Asked about whether academic staff had support to integrate literacies effectively, the overwhelming answer was ‘yes, in principle’. This came through input to certificated learning and teaching programmes, workshops, e-materials, exemplars of good practice, mentoring, drop-in sessions, briefings and consultancy to curriculum teams, and peer support. Where more detail was given, the staff development often had an ICT tools focus, suggesting the trojan mouse strategy is alive and well.

Provisos and problems included:

  • but do they know about it? (all provision for staff except PGCerts tends to be voluntary)
  • not clear who identifies and articulates need
  • cultural issues (clearly identified by one respondent as differences of knowledge, vocabulary, approach, and institutional status between academic and central services staff)
  • unfamiliarity of learning development and learning literacies, as concepts and practices
  • (related) issues of institutional power and recognition:’some colleagues who are still locked into the “possession of knowledge as power” syndrome and won’t share toys or know-how’
  • time-poor staff
  • perception that ‘it’s not their job to get [learners] ready for learning – should come with learning skills’

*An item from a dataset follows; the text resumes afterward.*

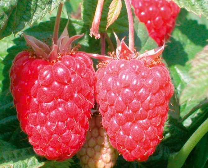 - Плоды крупные – вес в среднем 5.6-8.5 г, удлиненно-конической формы, плотные, в меру сочные, костянка хорошо сцеплена, семена мелкие. Ягоды ярко-красного цвета, с небольшим слабо выраженным блеском, после сбора не темнеет, блестящие, сладкие, с выраженным настоящим малинным ароматом. Отрыв легкий, в т.ч. при технической спелости.

Our questions about different approaches to delivery did not produce any clear account of benefits but highlighted issues such as:

  • Assessment – when, how, and by whom are literacies assessed? What weight is attached to them?
  • Compulsory vs elective modules – some evidence that compulsory skills modules are disliked by learners and can create problems of retention and motivation
  • Cohort-based provision, or support for learners as/when they need it?
  • Timing – some evidence that front-loading skills and literacies is less effective than introducing and revisiting them over a course of study
  • Going native: Subject librarians are now commonplace, and faculty/school based e-learning advisors and study skills advisers are becoming more so. Do central services staff need to acquire subject specialism, and do academic staff need to be seconded to build capacity for literacy development in their ‘home’ context?
  • New models? Access, foundation and work-based learning programmes were particularly likely to be cited as examples of good practice in embedding skills for learning, e.g.: The Access to HE course has 90 minutes/week study skills, tutorial and IT (each). [This year we plan to] embed digital literacies such as online research and collaborative learning using Web 2.0 techologies as part of a revised course. Could these models become catalysts for a broader awareness and understanding of literacy issues?
  • Feedback – not one auditor mentioned feedback to students, or general assessment, as mechanisms for supporting literacy development, suggesting that the model of provision within courses (unlike student-centred services) may be somewhat instructivist. Academic staff may be used to giving feedback around course content, but not around an individual learning development agenda.
  • Academic staff engagement, commitment and resources: rethinking programmes of study around the competences learners need, particularly where those competences are changing (e.g. in response to new digital opportunities) places large demands on academic staff. The rewards need to be clear: a discourse of scholarship, innovation and reflective practice may be more productive than a skills and literacies agenda.

Finally we asked auditors why departments were successful/motivated, or unsuccessful and unmotivated, in relation to embedding literacies into the curriculum.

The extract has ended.